I use Haskell and Functional Graph Library to represents graphs. There are two ways to compare graphs, directly, over function equal, or over another function, i wrote, isIsomorph. I want to use hash map to collect graphs. To do so I have to create instance of class Eq for my graphs. But I need two hash maps, first for graphs that compared by function equal, and second for graphs that compated by function isIsomorph.


If I do

type Fragment = Gr Atom Bond {-- Gr is a type constructor from the Functional Graph Library}

    instance Eq (Gr Atom Bond) where    
        g == g1 = equal g g1

    instance Eq Fragment where  
        g == g1 = isIsomorph g g1

I have got an expected error

Duplicate instance declarations:
      instance [overlap ok] Eq (Gr Atom Bond) -- Defined at HLab.hs:45:10
      instance [overlap ok] Eq Fragment -- Defined at HLab.hs:48:10

Because of type decalration is only wrap.

I can use another way

data Fragment = Fragment {fgraph :: Gr Atom Bond}

instance Eq (Gr Atom Bond) where    
    g == g1 = equal g g1

instance Eq Fragment where  
    Fragment g ==  Fragment g1 = isIsomorph g g1

That is correct but I have used an "heavy" type constructor data, this way is also inconvenient, I have to got graphs from fragments by addtional function fgraph.
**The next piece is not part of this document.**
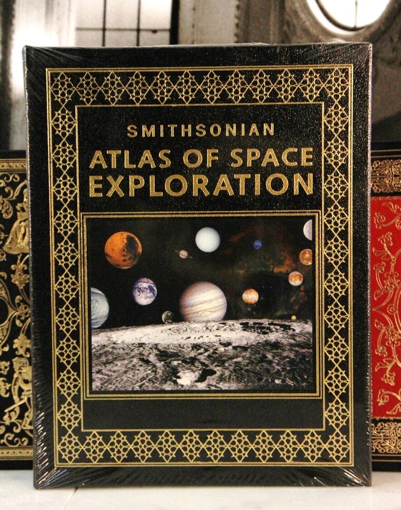 ***Copy of photos, personal formats, graphics, or text is prohibited . Ebay may drop listings with infractions. I review content regularly. Large Coffee Table Art Books Smithsonian Atlas of Space Exploration Author: Illustrations by Description : Out of print from Easton Press but offered here near or below its original price. Condition : Sealed in original plastic This Fine Leather Book Features: Top grade, gold embossed/ornamented leather Gilded page ends to protect against dust and moisture Decorative end papers Acid neutral archival paper to last generations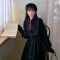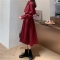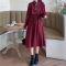 大码女装胖妹没秋季新款长袖连衣裙收腰法式小众气质长裙 黑色酒红色 黑色 酒红色 L XL XXL

Is there any "beautiful" and "true" way to divide this types in various parts of code?

like image 344
Sergey Sosnin Avatar asked Dec 21 '22 00:12

Sergey Sosnin


1 Answers

The "beautiful" and "true" way to divide this types in various parts of code? is to use newtype instead of data: For all type system purposes, they are different (in particular, you can define different type class instances), but they share the same run-time representation and there is no additional like with data:

newtype Fragment = Fragment {fgraph :: Gr Atom Bond}

instance Eq (Gr Atom Bond) where    
    g == g1 = equal g g1

instance Eq Fragment where  
    Fragment g == Fragment g1 = isIsomorph g g1

You will still need to convert between graphs and fragments when trying to use graph functions on fragments.